Improvised from Martha Stewart recipe
10 min prep, 10 min cooking time
Serving: 4

1/4 c olive oil, 4 salmon fillets (sized according to what else you will be serving)
West salad: 1 white onion, thinly shaved, 1 bulb of fennel, thinly shaved, o1/4 c cilantro or parsley, 1 T white balsamic vinegar, coarse salt, 2 tomatoes (original recipe also has pea shoots)
East salad (optional): 1/2-3/4 c parsley (or other salad greens), 2 T sesame oil, 2T or more light soy sauce depending on how salty you want it, 2T toasted sesame seeds, salt pinch

For salmon: Preheat overn to 350, Heat a large oven proof skillet over high heat (I used cast-iron skillet; high heat necessary to sear salmon), add 1 T of oil to coat pan. Add salmon, skinn side up and sear until golden, about 3 min. Flip and then transfer to oven. Roast 5 min. for medium.

The West salad does NOT work without the fennel!

For West salad: Toss fennel,onion, and 1/4c parsley (or cilantro) leaves, vinegar, 3 T of olive oil, bit of salt. For East salad. Chop remaining parsley, add sesame oil, soy sauce, 2toasted sesame seeds. Can adjust these according to taste. Add pinch of salt. Can also mix with other salad greens.

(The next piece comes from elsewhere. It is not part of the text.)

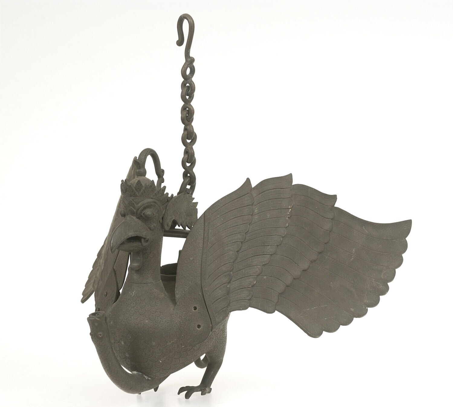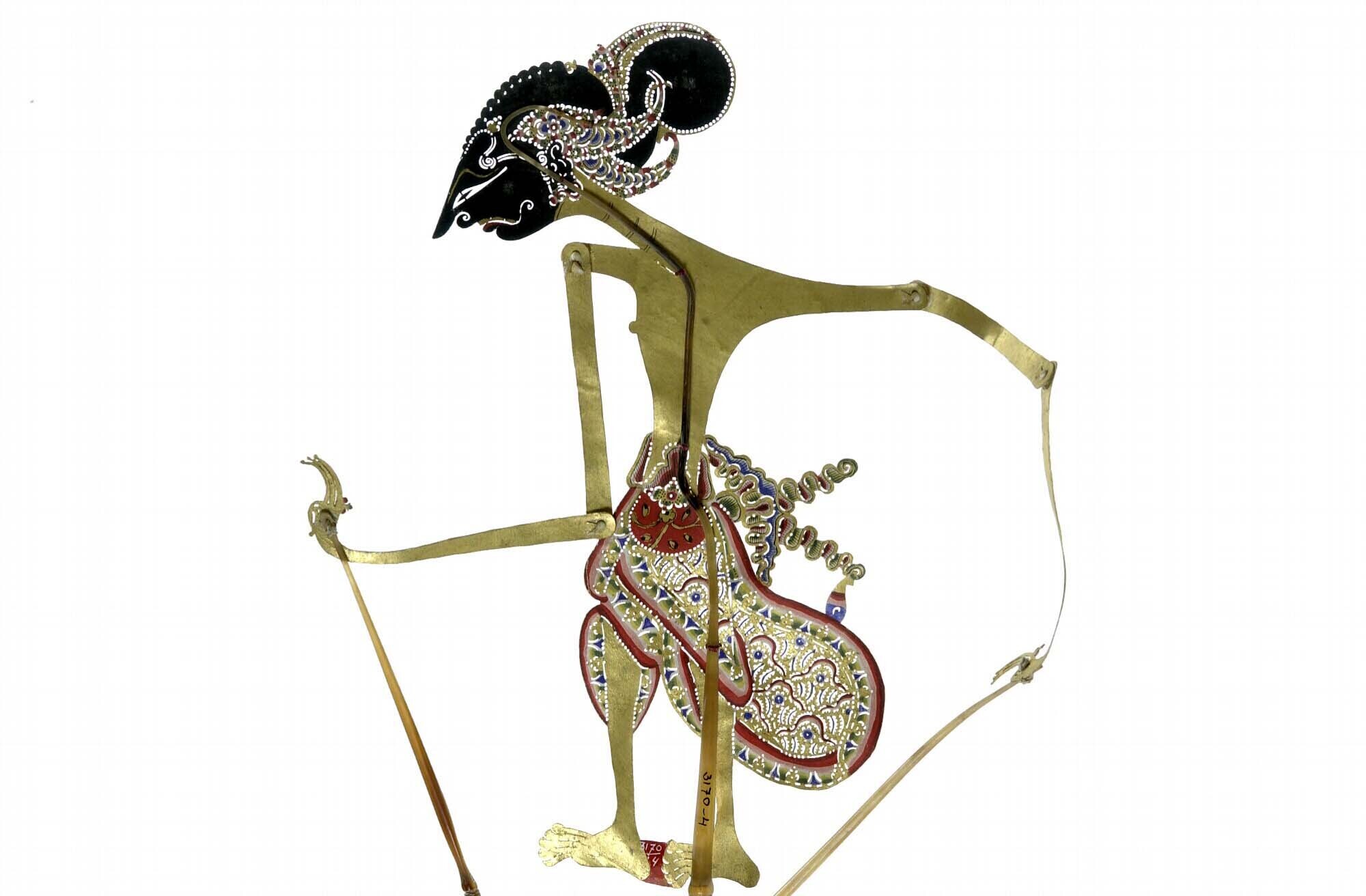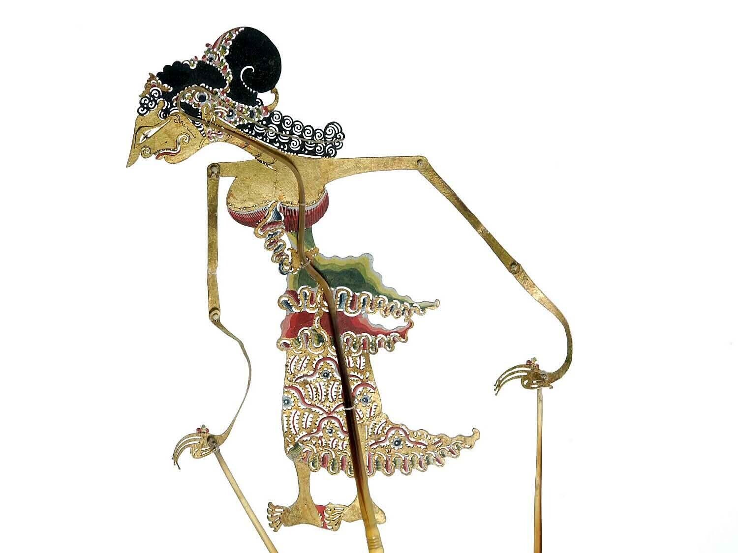 Messing wajanglamp voorstellende een gekroonde Garuda

Arrangement: Slice tomatoes and arrange on plate. Top with salmon, then add West salad on top. (Drizzle with a little more oil, optional, I don’t like adding more oil). Season with salt (optional, I didn’t use more salt and it was fine), garnish with some sprigs. Add East salad on side or serve in separate bowl.

Tips: For maximum efficiency, turn on oven for preheating, prepare West salad, slice salmon and start searing on stovetop while preparing East salad, put salmon in oven while plating tomato and East salad, when salmon is done, top with West salad and you’re done! If entertaining, prepare both salads in advance, then cook salmon while appetizers or soup is being served.